In the above figure, an atom passes through an atomic "beamsplitter" that puts the atom in a superposition of taking the upper and lower paths. The atoms are then reflected by atomic "mirrors" that cause them to recombine at the detector on the right, where an interference pattern is detected.

When the atom is at a "mirror", it is paused and held there while a potential is introduced. The potential is created by moving 2 massive objects, each with mass $M$, to the left and right sides of the upper mirror, a distance $r$ away from the mirror. The masses are brought towards the upper mirror in a symmetric manner such that the gravitational field caused by the masses is 0 at the upper mirror. We assume that the upper mirror is far enough away from the lower mirror such that the masses create zero potential (and zero field) at the lower mirror, which means they create a gravitational potential difference of $\Delta U=-\frac{2GM}{r}$ between the upper and lower mirrors. Despite this gravitational potential difference, the gravitational field at the upper and lower mirrors is 0, and the atom is never in any position with a nonzero gravitation field. Still, a time $T$ spent at the mirrors with that potential difference causes a phase shift,

$\Delta\phi=\Delta UmT/\hbar=-\frac{2GMmT}{r\hbar}$

where $m$ is the mass of the atom. This phase shift is detected by observing the interference pattern where the atom paths recombine, which will be different depending on whether the potential difference was applied.
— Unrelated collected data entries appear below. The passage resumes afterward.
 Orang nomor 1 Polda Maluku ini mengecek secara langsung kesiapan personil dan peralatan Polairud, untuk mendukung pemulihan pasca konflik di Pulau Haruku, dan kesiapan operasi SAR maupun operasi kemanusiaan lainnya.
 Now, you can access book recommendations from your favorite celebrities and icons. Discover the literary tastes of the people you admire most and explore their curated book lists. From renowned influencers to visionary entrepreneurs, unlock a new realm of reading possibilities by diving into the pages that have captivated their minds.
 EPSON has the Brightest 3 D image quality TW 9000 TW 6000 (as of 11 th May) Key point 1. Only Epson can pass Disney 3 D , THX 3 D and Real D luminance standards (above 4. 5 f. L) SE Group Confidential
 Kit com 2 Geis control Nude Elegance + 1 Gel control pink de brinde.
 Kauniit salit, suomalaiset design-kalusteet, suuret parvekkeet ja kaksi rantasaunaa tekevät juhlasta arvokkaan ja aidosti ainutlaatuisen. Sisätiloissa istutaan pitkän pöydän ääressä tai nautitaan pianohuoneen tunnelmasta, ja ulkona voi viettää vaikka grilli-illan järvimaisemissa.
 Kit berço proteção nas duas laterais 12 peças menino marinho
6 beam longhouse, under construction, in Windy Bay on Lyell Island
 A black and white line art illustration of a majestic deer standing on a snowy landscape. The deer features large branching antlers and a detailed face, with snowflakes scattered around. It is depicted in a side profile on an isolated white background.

Instead of these idealized paths for the atom that involve "mirrors" that pause the atom in its place while a potential is applied, the atom could be moved in those paths by an optical lattice. This would allow precise control over the positions of the atom and the amount of time spent in the gravitational potential.
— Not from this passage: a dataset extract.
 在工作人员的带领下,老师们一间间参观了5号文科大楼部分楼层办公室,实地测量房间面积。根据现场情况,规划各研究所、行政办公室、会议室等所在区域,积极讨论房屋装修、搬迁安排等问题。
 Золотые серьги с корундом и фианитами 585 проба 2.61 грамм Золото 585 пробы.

The various electromagnetic versions of the Aharonv-Bohm effect can be described in a way that does not suggest any physical reality to the electromagnetic potentials and does not require any nonlocality, by treating the sources of the electromagnetic field and the electromagnetic field itself quantum mechanically, instead of treating the test charge (electron) quantum mechanically and the electromagnetic field and its sources classically. Without a theory of quantum gravity, we cannot appeal to a fully quantum treatment of the test mass (atom), the sources of the gravitational field, and the gravitational field itself in order to explain the gravitational Aharonov-Bohm effect in a fully local, gauge-independent manner. However, this effect can be explained in a local, gauge-independent manner by considering the gravitational time dilation experienced by the atom in the path with the nonzero potential, and taking into account that matter waves pick up a phase at the Compton frequency of the matter.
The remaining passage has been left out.